Adam Hathaway takes a look at the best players to play in the tournament.
Rugby World Cup Greatest Players
The Rugby World Cup has seen the cream of the rugby world battle it out for the honour of holding the trophy aloft. But who are the greatest? Adam Hathaway takes a whistle stop tour through the previous eight tournaments looking to answer that very question.
Michael Jones, flanker, New Zealand
The prototype of the modern back-rower, the ‘Iceman’ Jones was conviction personified on and off the pitch; his religious beliefs meant he did not play in the 49-6 win over Wales which was played on a Sunday.
Jones, of Samoan heritage, had his international career restricted to 55 caps because of two catastrophic knee injuries but had his moment in 1987.
He was so good in all facets of the game John Hart the former All Black and Auckland coach called him ‘almost perfect’ and there is a statue of him scoring the first-ever World Cup try, in 1987, outside Eden Park.
Serge Blanco, full-back, France
Serge Blanco won 93 caps at full-back and wing for France and when he played his final Test in 1991 he was the world’s most-capped player.
In 1987 he was in his pomp, even though he was getting through a couple of packets of cigarettes a day, and got France to the final.
In the semi-final against Australia Blanco finished off the move, in injury time, that condemned the Wallabies to a 30-24 defeat in Sydney. He collapsed over the line, check it out on YouTube.

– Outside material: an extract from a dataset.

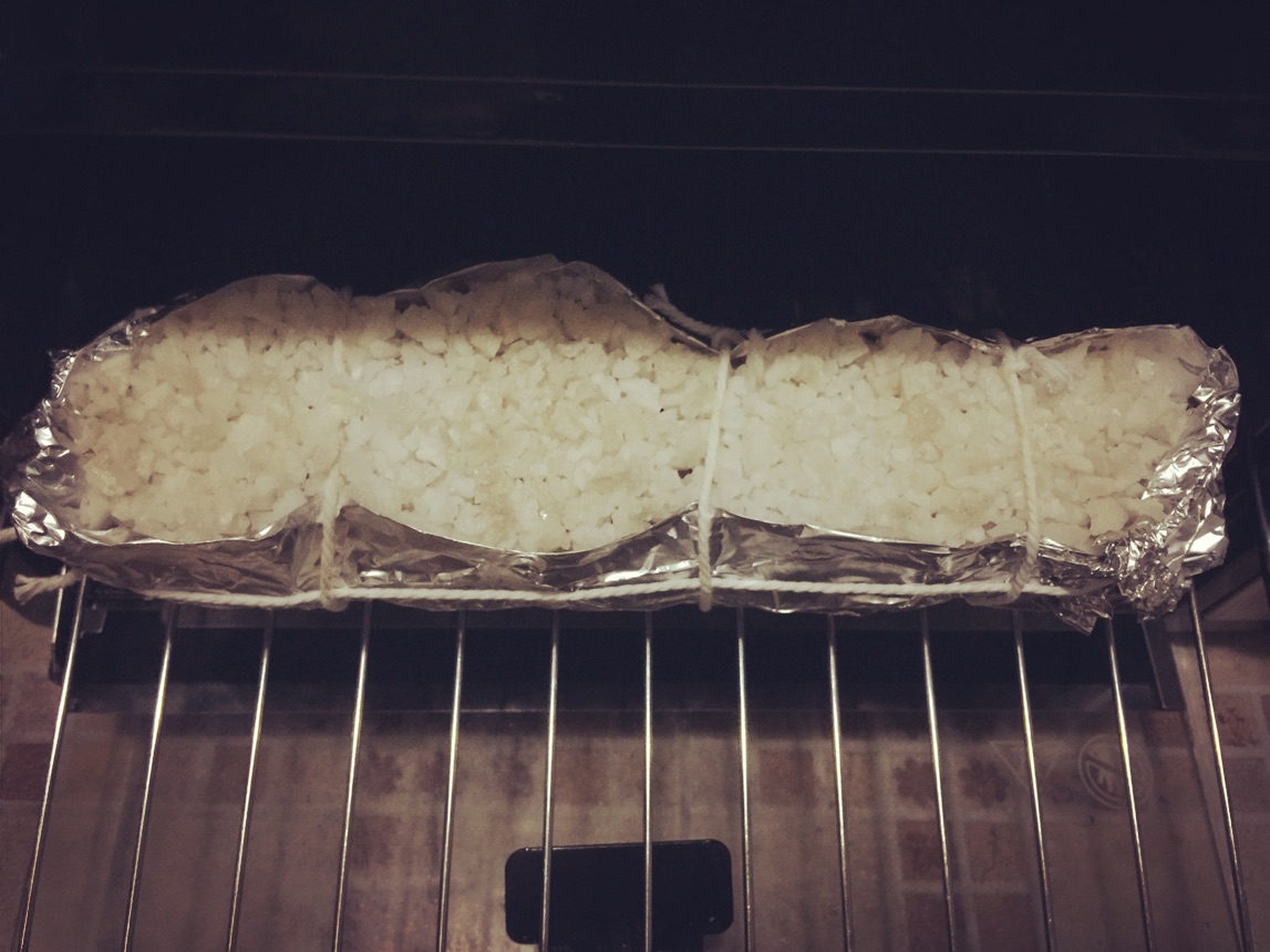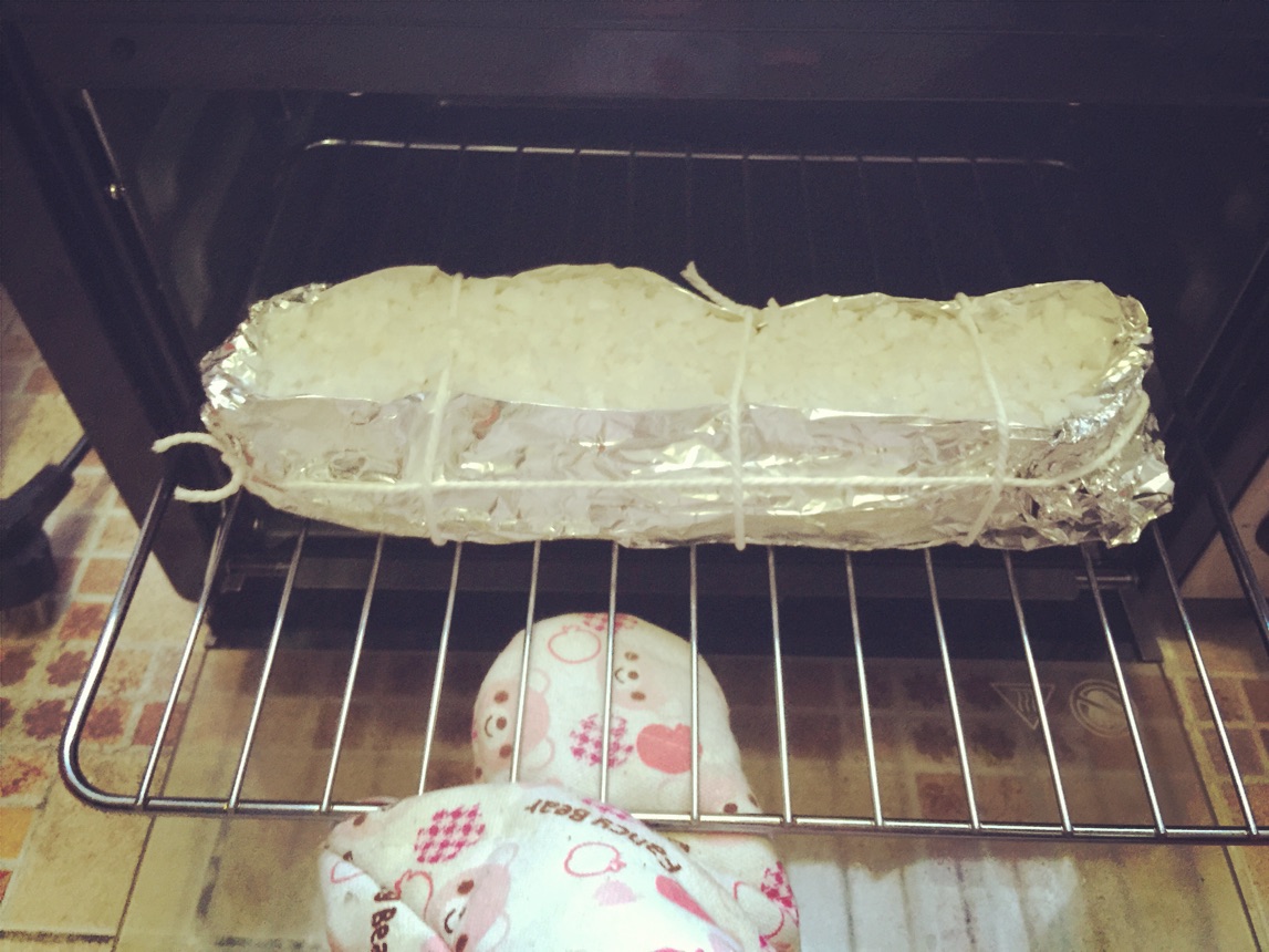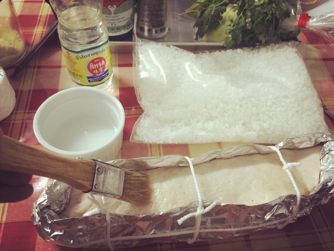 5. เสร็จจับนางคว่ำ แล้วนำอลูมิเนียมฟลอยมาห่อตามภาพเลยนะครับ ผมใช้เชือกผูกด้วยเพราะเวลาอบ หมูจะมีการขยายและหดตัว เกลืออาจจะร่วงลงไปทำให้หมูด้านล่างเค็มครับ

Michael Lynagh, fly-half, Australia
Shunted to centre early in his Test career, because the brilliant Mark Ella was about, Lynagh was in his best position come 1991 and was a key factor in Australia lifting the trophy.
The Queenslander, who would score 911 points in 72 Tests, broke Irish hearts in the quarter-final in Dublin.
Captain at the time with Nick Farr-Jones off, Lynagh was staring down the barrel as Ireland led by three points. Then the Aussie latched onto a poor pass from David Campese to score, give the Wallabies a 19-18 victory and silence a previously delirious Lansdowne Road.
Peter Fatialofa, prop, Western Samoa
Peter Fatialofa was captain of the Western Samoan team that beat Wales 16-13 at Cardiff Arms Park in the pool stages.
It prompted some Welsh fans to joke that is was a good job they weren’t playing the whole of Samoa but the underdogs fielded giants of the game like Pat Lam and Frank Bunce and also ran Australia close, 9-3, at Pontypool.
The Western Samoans went out to Scotland in the quarter-finals but they had won a legion of fans in Europe. Fatialofa died, aged just 54, in 2013.
Jonah Lomu, wing, New Zealand
Jonah Lomu changed the face of rugby in 1995 as a wing weighing about 120kg who could run 100m in less than 11 seconds and hastened the race towards professionalism and Rupert Murdoch investing in the game.
New Zealand might not have won the tournament, South Africa did a job on Lomu in the final, but the wing was man of the moment.
Past England players still have nightmares about the four tries he scored in the All Blacks’ 45-29 semi-final win over Will Carling’s sides in Cape Town. Carling labelled Lomu, who died aged 40 in 2015, ‘a freak’.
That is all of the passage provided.